Bernie Ecclestone is justifiably credited for transforming Formula 1 into the blockbuster, billion-dollar commercial enterprise it has become in the past three decades.
From looking after the team's relationship with race organisers in the 70s, as the owner of the Brabham outfit, to eventually becoming the all-embracing ring master of the sport, Ecclestone's endeavor of building the sport into its current global powerhouse status has been a long and profitable process, and one from which many have reaped tremendous benefits.
In a recent interview with Autocar magazine's Jim Holder, Ecclestone was asked about the single best decision he ever made during his forty years at the helm of Grand Prix racing.
Bernie's response involved a seemingly minimal finding, but it was one that would prove crucial to the sport.
"Well, I hope I’ve made a lot more good ones than bad ones," he quipped.
"If you’re putting me up against a wall for an answer, I’d say it was when we took the decision to start all the races at the same time on a Sunday so that broadcasters could schedule it to a rhythm.
"It was groundbreaking, and it took quite a bloody-minded attitude. But we did it, and it transformed the sport."
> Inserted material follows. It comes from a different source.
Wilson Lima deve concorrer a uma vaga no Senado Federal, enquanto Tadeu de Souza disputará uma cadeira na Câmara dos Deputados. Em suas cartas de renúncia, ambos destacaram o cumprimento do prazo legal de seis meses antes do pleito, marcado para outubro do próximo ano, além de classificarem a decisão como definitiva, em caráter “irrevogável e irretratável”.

Formula 1's transformation under Ecclestone's reign started when cash came pouring in from the massively lucrative TV deals negotiated by Mr. E which ramped up big time at the turn of the century.
A fixed starting time for Sunday's races allowed for better program scheduling among the networks, not to mention better advertising sales for free-to-air broadcasters, and the installation of a race weekend routine for viewers.
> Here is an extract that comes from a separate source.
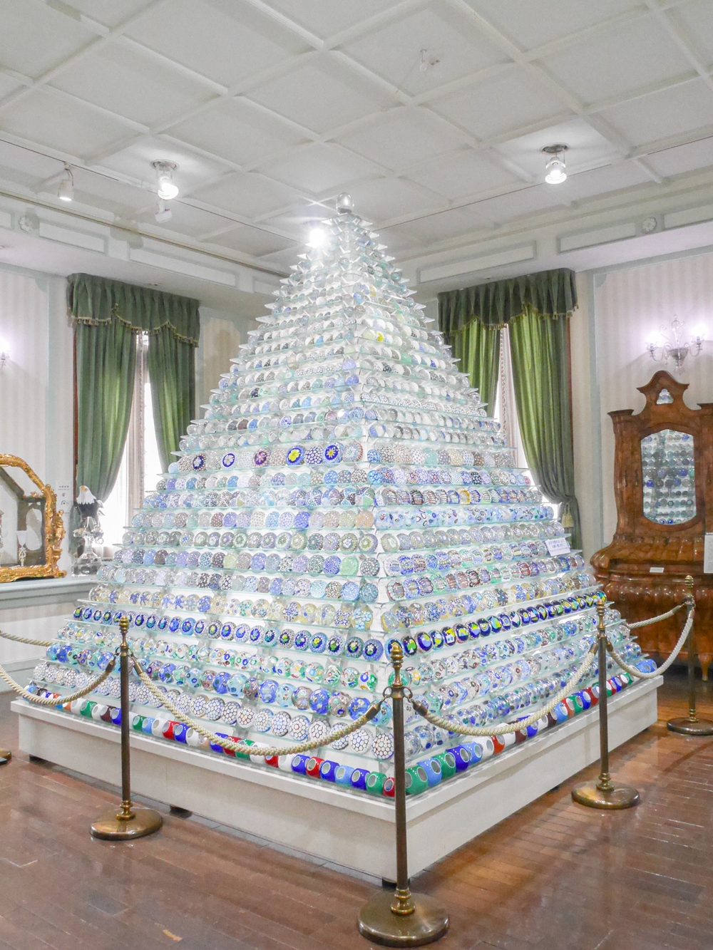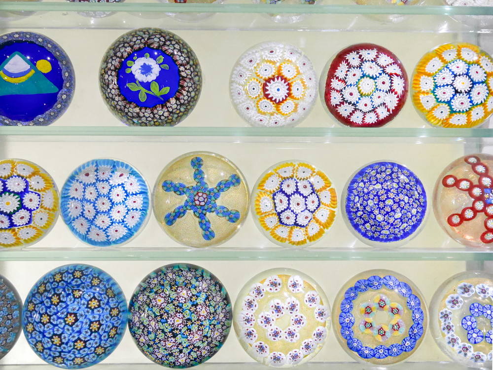 ミッレフィオーリのペーパーウェイトが約2,500個並ぶ
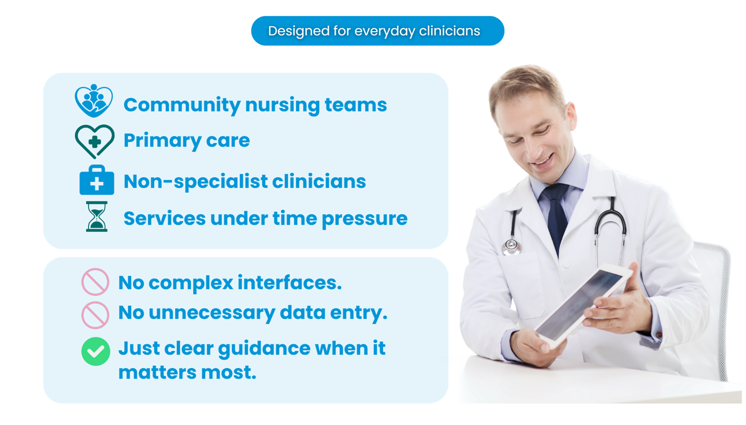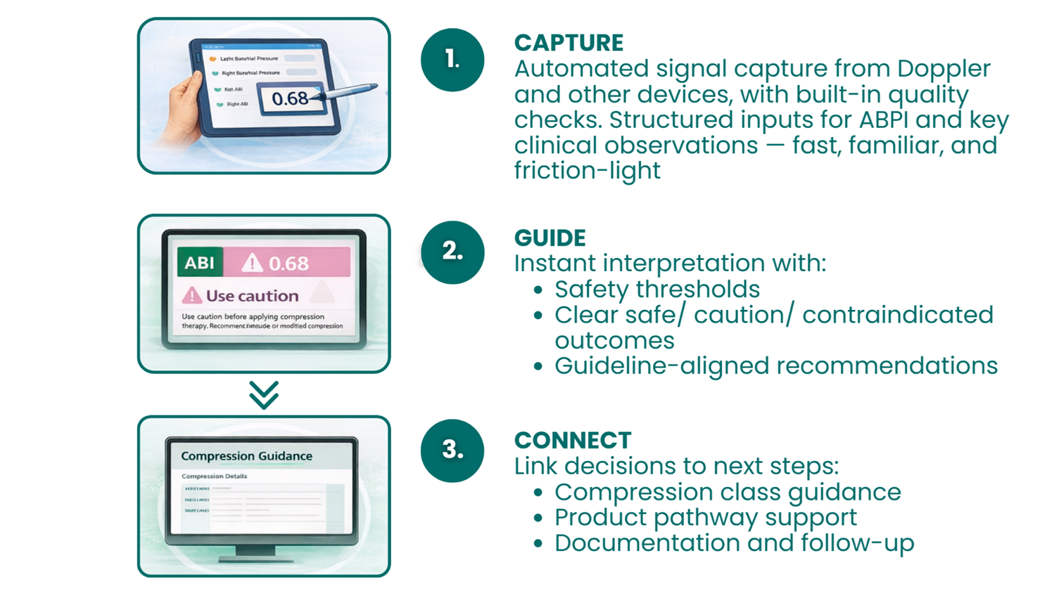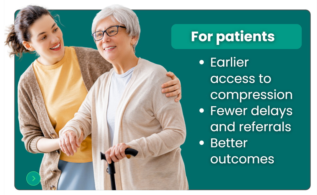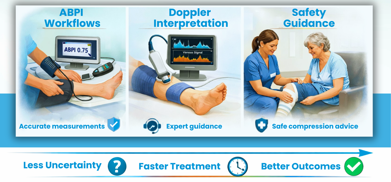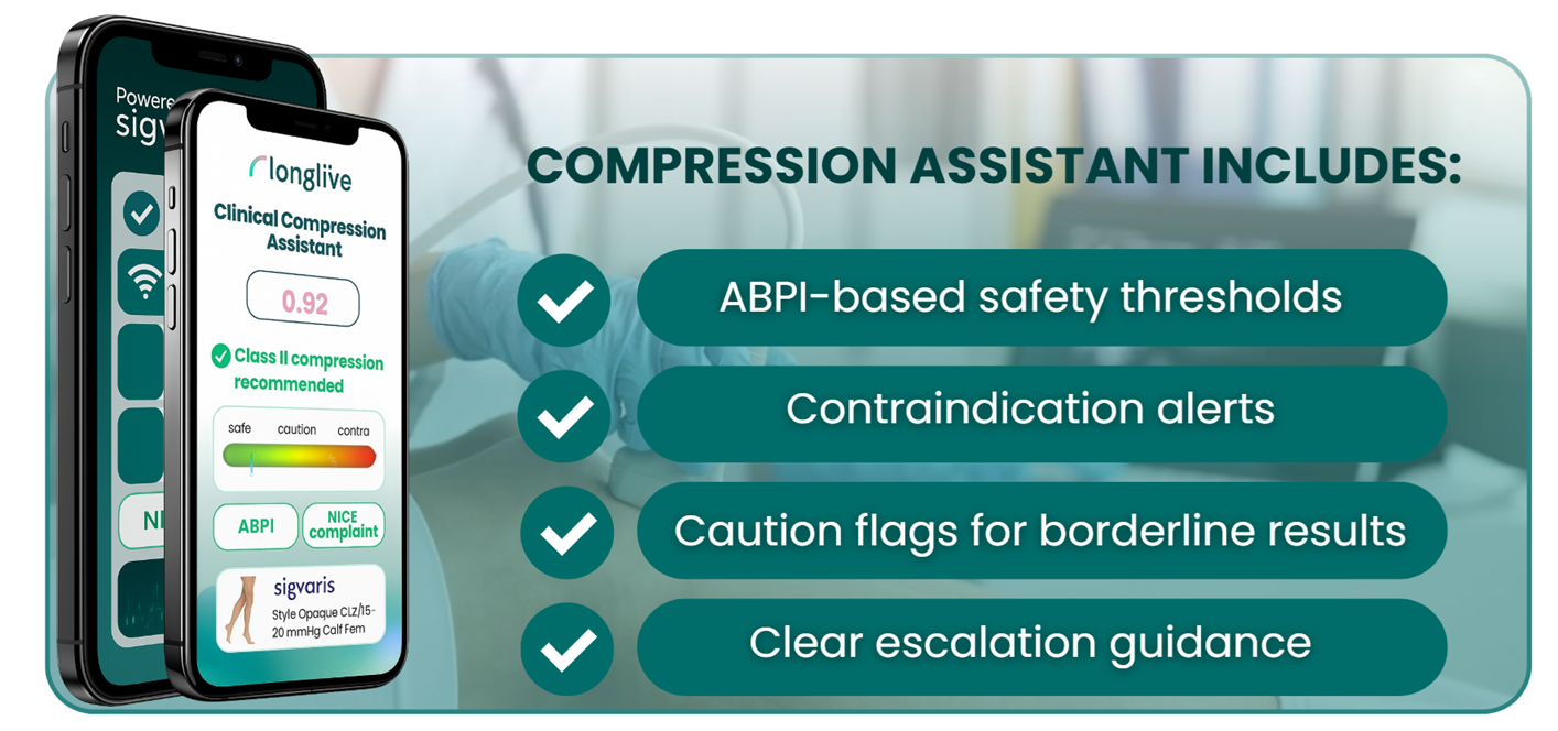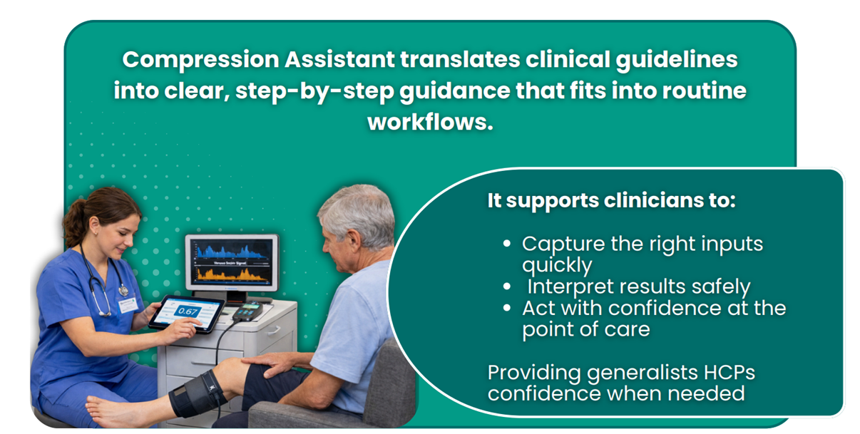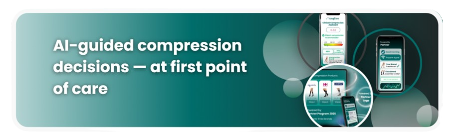 Compression Assistant is the world’s first AI-guided companion for safe, consistent compression prescribing. It supports Doppler and ABPI assessment and delivers guideline- aligned, best-practice-informed compression recommendations — from assessment to product selection — in minutes.

For all the success and fortune he has enjoyed as the sport's supremo, Ecclestone insists that money was never at the forefront of his decisions.
"No, definitely not," he said. "Wanting to do a good job. That’s all. Never the money.
"I do what I think is the right thing to do. Always have. And I’m not just doing the right thing for myself, but also for the people who I’m doing the deal with.
"I like the deal. Always have. I can’t imagine ever stopping looking for deals."
While ruthless in business, Ecclestone says he's never fallen out with anyone or broken his word after agreeing to a deal, many of which have been sealed with a mere handshake.
"I can’t remember who or why," claimed the 89-year-old who is set to become a proud father for the fourth time this summer.
"I can’t remember if I ever have. And it wouldn’t have been to get out of something. Might have been something insignificant. Never anything important."